Alan Viard of the American Enterprise Institute and I would go a different direction. We have developed a plan to replace a large portion from the corporate tax with a tax at ordinary income rates on accrued (not just realized) income of shareholders in publicly traded corporations. The economists Rosanne Altshuler and Harry Grubert have proposed a similar plan, but they would tax capital gains upon realization, with an added charge to offset the advantages of deferral, instead of annually as accrued.

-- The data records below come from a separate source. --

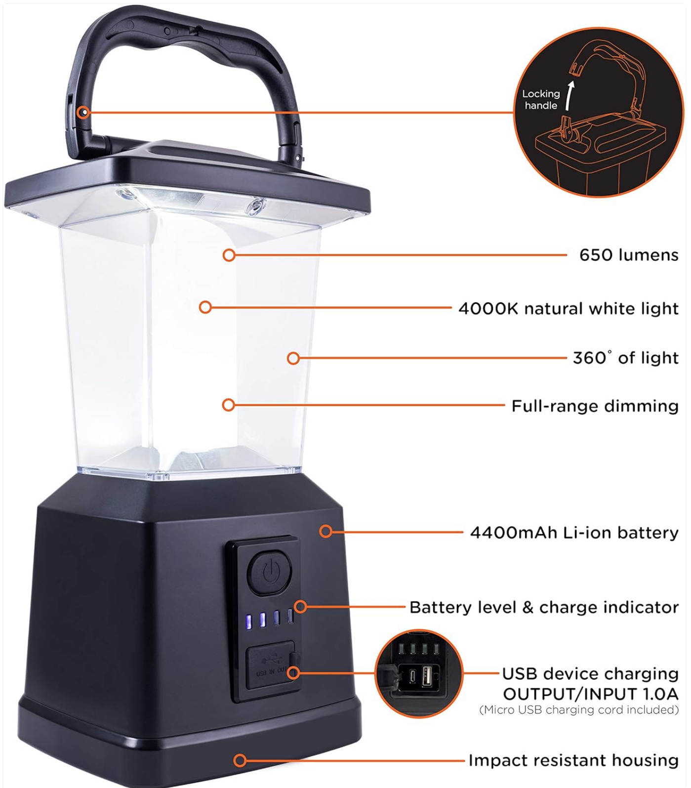
Image: A detailed diagram of the lantern, pointing out its key components including the 4400mAh Li-ion battery, USB charging port, battery level indicator, and the power/dimming button.
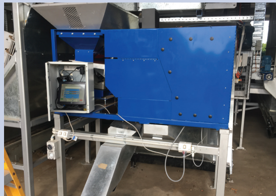
The newly installed colour sorter, which rejects any discoloured NIS, reduces the requirement for manual sorting

RFM management has reported that performance of the completed upgrades to date have outperformed expectations, with throughput capacity double that of the previous system.
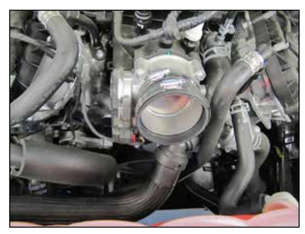
7. Install the provided coupler hose (08615) onto the throttle body and secure with the provided hose clamp.
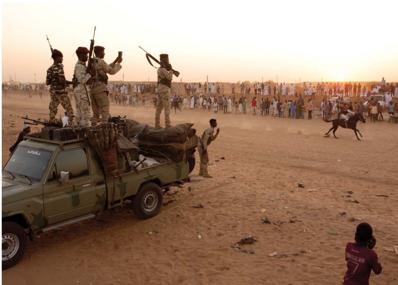
Rapid Support Forces soldiers watch at a horse race in El-Fasher, North Darfur, in February 2022, won by a horse belonging to the state's RSF commander.

As expected, the rebels remained close to Hemetti. But as they went back to Khartoum, they also attempted to diversify their alliances and expressed continued differences of opinion over who to ally with, including in the event of tensions between the RSF, the SAF, and the FFC. Isolated within the SRF because of its leaders' Islamist backgrounds, the JEM openly attempted to transform into a political party that could gather the remnants of the divided Islamic movement and eventually act as their entry point into a government from which they were excluded. Ultimately, in September 2021, the JEM and the SLA-MM reunited, purporting to form a second FFC (sometimes known as FFC2, or the FFC National Charter) opposed to the political parties and rejecting Hamdok's attempts to reunite the FFC. This move arguably paved the way for their further alliance with Hemetti and the SAF and for the coup.
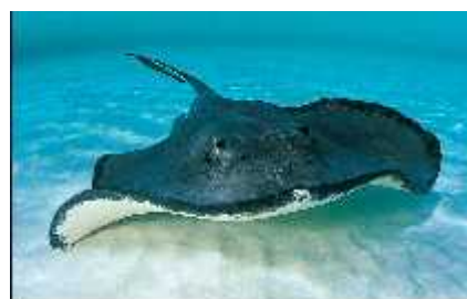
F _ Y F _ SH
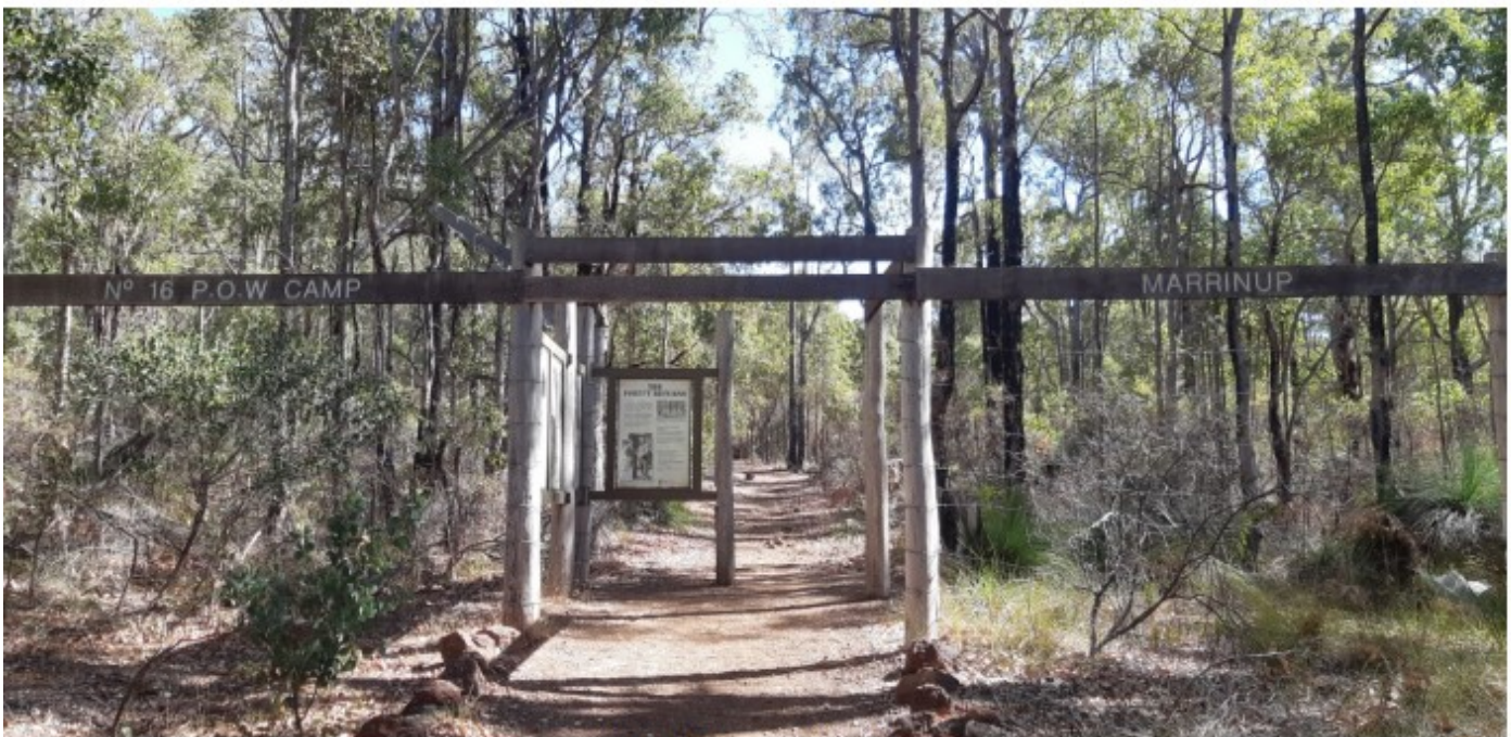
Marrinup POW Camp Entrance
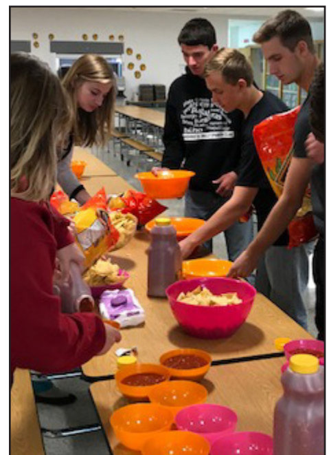
The Spanish IV class provided chips and salsa at lunch on Wednesday as part of Hispanic Heritage month.
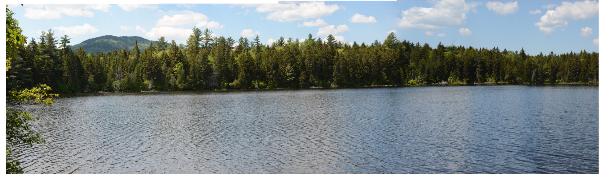
P2-6: Panoramic view from Chubb Pond looking north, HobbstownTwp. The Project, located 1.3 miles to the north, will not be visible from this pond due to intervening topography and vegetation.
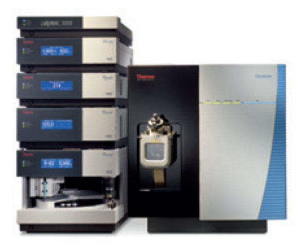
Thermo Scientific Endura Triple Quadrupole Mass Spectrometer
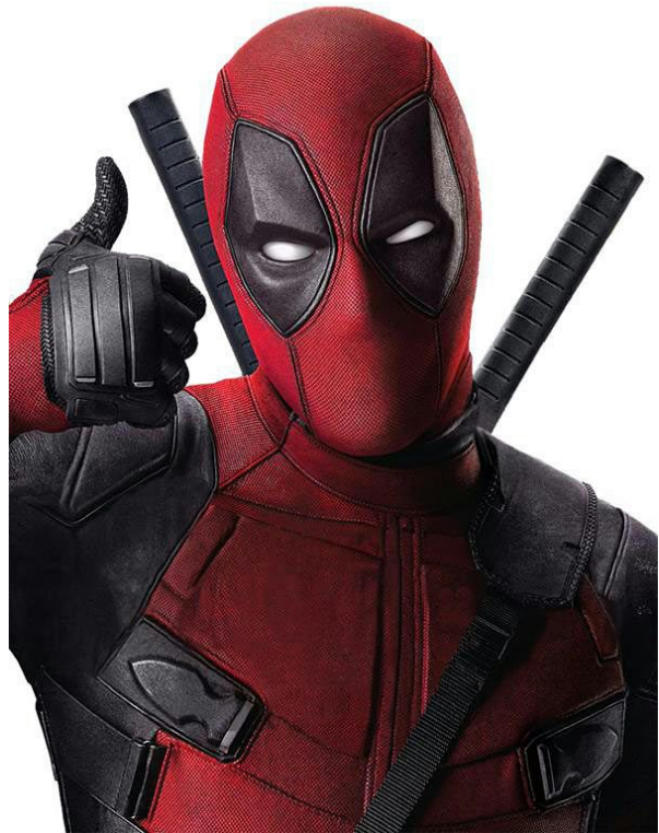
The Merc with a Mouth

Deadpool is everything a fan could have ever wanted, and still manages to be a fun time for those who don't know the character. It's R-rated, but the film would not be the same had it not been able to show us the true raunch and crudeness that Deadpool possesses. From every fourth wall break, to the fast-paced action, to the charming story revolving around Wade and Vanessa's obscure romance, Deadpool is a complete thrill ride from start to finish. It is a good time for fans who likes to just sit back and acknowledge that they are watching yet another superhero movie.
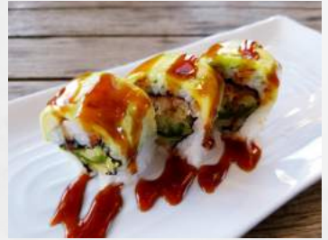
Ninja Roll In: Eel Tempura & Jalapeno Out: Avocado
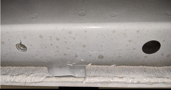
Figure 2a. Plug removal.
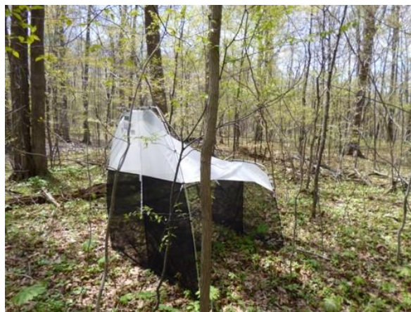
Figure 1. Malaise trap deployed at Wheatley Provincial Park in 2014.

Over half the BINs captured were flies (Diptera), followed by bees, ants and wasps (Hymenoptera), moths and butterflies (Lepidoptera), and beetles (Coleoptera; Figure 2). In total, 294 arthropod species were named, representing 28.9% of the BINs from the site (Appendix 1). All the BINs were assigned at least to family, and 58.1% were assigned to a genus (Appendix 2). Specimens collected from Wheatley represent 140 different families and 371 genera.
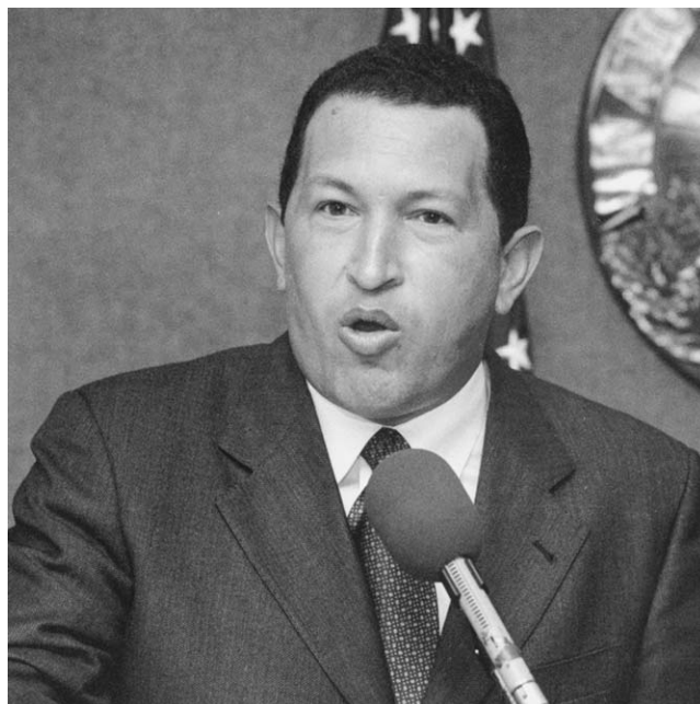
Venezuelan President Hugo Chávez's Jacobin revolution is based explicitly on the fascist slogan of the Roman Empire, " Vox Populi ," the irrational voice of the enraged masses.

The true face of vox populi is the unstoppable predatory force of desperate masses led only by their passions. For Raúl Reyes or Hugo Chávez, man is no different than the instinctive beast governed by such passions. They embody an absolutely bestial concept of man, a man without mind, without a soul, a decorticated man—the same degrading idea that the oligarchy has, and which views man as in no way superior to a trained ape, open to being manipulated and controlled; or that
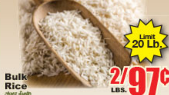
Bulk Rice Arroz Suizo
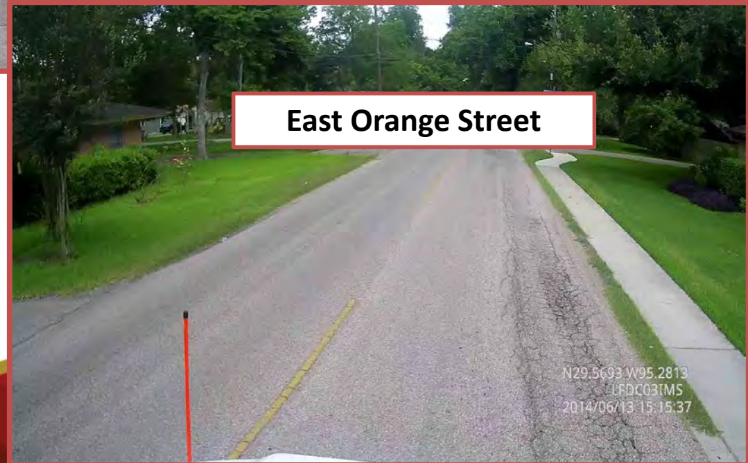
East Orange Street
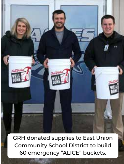
GRH donated supplies to East Union Community School District to build 60 emergency "ALICE" buckets.
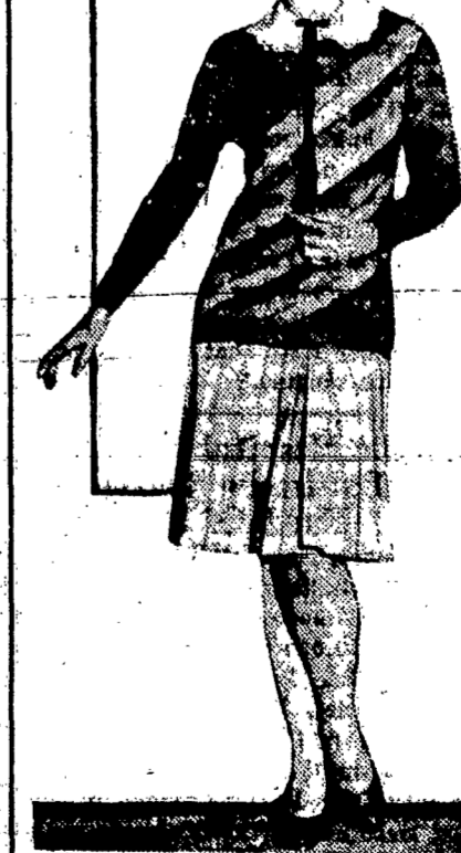
For school wear, a silk knit sweater of novel diagonal weave and a pleated skirt of flannel make an ideal outfit...
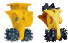
HUSQVARNA ER 50 AND ER 40 Highly productive rotary drum cutters for trenching, surface removal and profiling in rock, concrete and hard soil.
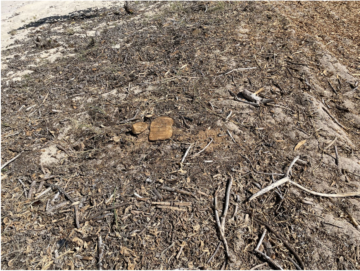
October 17, 2023 Clear cut tree above; Fence line #2 below
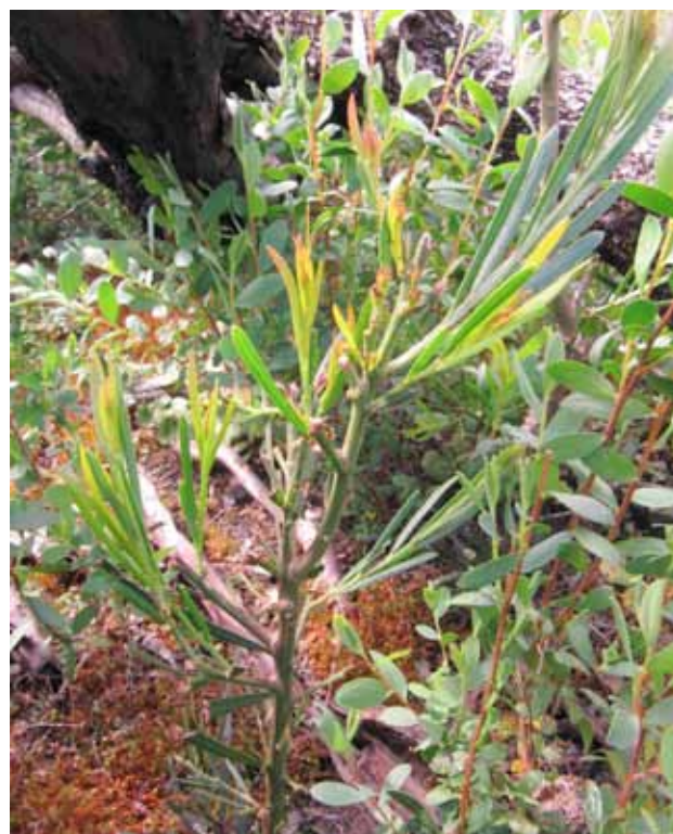
Figure 5. Acacia uncifolia with signs of browsing, Wilsons Promontory National Park, 25/10/2010.

Specimens examined during this survey were regenerating by seed. The seeds germinate in response to moderate to hot temperatures, but the species is also known to resprout from rhizomes (DPIW 2008). Some seedlings were up to 1.2 m high within two years of the fire, but average height was around 50 cm. No flowering material was observed at the time.
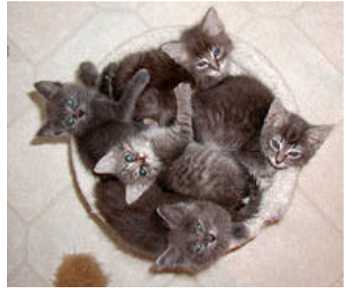
The Grey Family
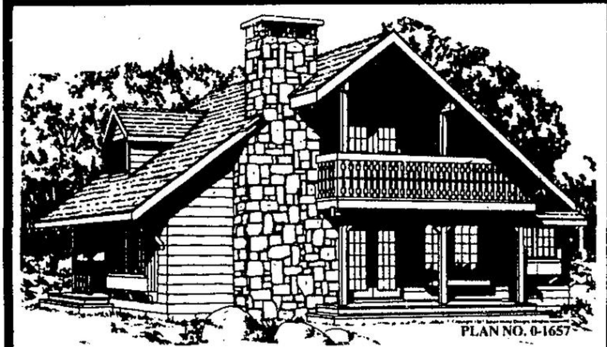
LEISURE HOME BOASTS VAULTED CEILING

Country charm with all the conveniences for easy living make this cottage an ideal second home. Sure-to-please features include french doors, wide window sills, two fireplaces and a private deck.
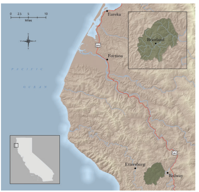
Figure 1. Location of the Redwood Creek watershed, in southern Humboldt County. Detailed view, upper right inset; view within California, lower left inset (sources: USGS Earth Explorer, County of Humboldt, California Department of Forestry and Fire Protection; map by author).

is to provide a case study of the Redwood Creek watershed (Figure 1)—one of the first places where the back-to-the-land movement became entrenched, and exemplary of numerous areas where ranching and timber extraction have largely given way to unregulated, commercial-scale marijuana cultivation.
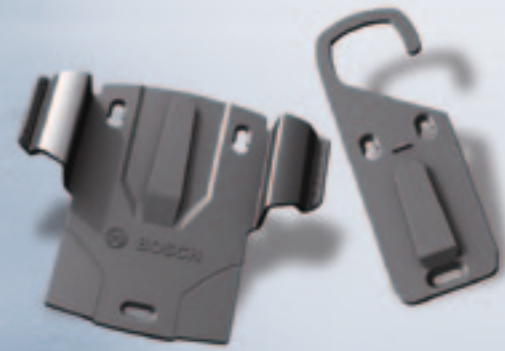
Accessories for C3 and C7: Wall mount or mobile hook
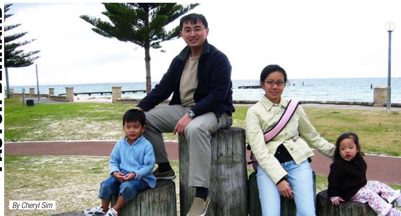
By Cheryl Sim
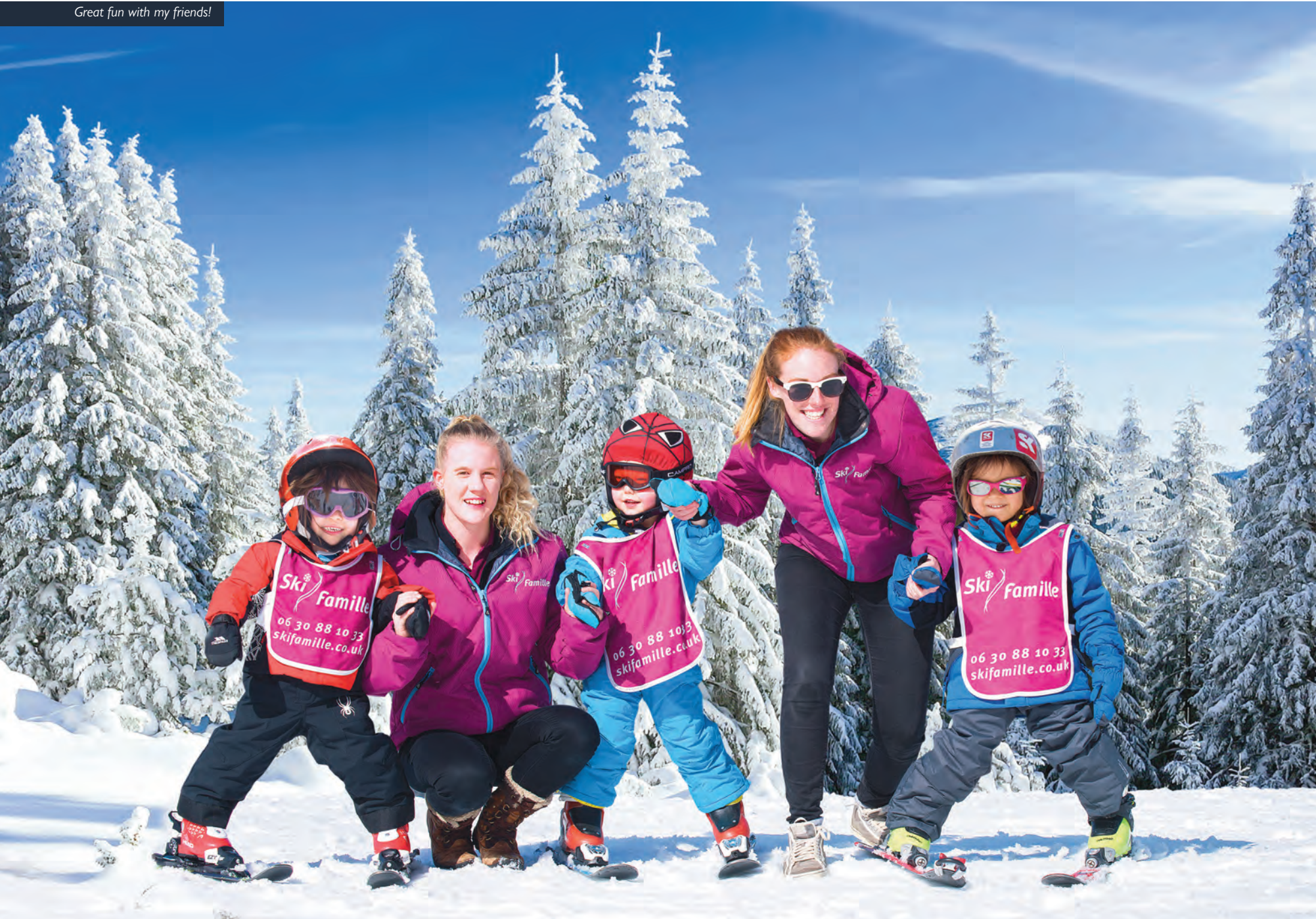
Great fun with my friends!

Thinking somewhat smaller, Graetz and Alvin Warren have proposed eliminating the double taxation of corporate dividends, an approach that is also being considered by Senate Finance Chairman Orrin Hatch, the Utah Republican. The economist Alan Auerbach has proposed replacing the corporate income tax with a destination-based cash flow tax that would apply to all businesses. A variant of the Auerbach approach, albeit with major differences, has been adopted in a recent proposal by the House Republican Caucus.

While these approaches differ greatly, they all acknowledge the need to rethink the taxation of business income from the ground up. While incremental reforms are usually the better policy approach, the U.S. system for taxing business income has entered a zone of baroque complexity that defies efforts to sync it with both the way businesses are organized in the United States and the growing integration of the global economy. One way or another, something big has to give if we are to tap business income as an equitable and efficient source of taxes.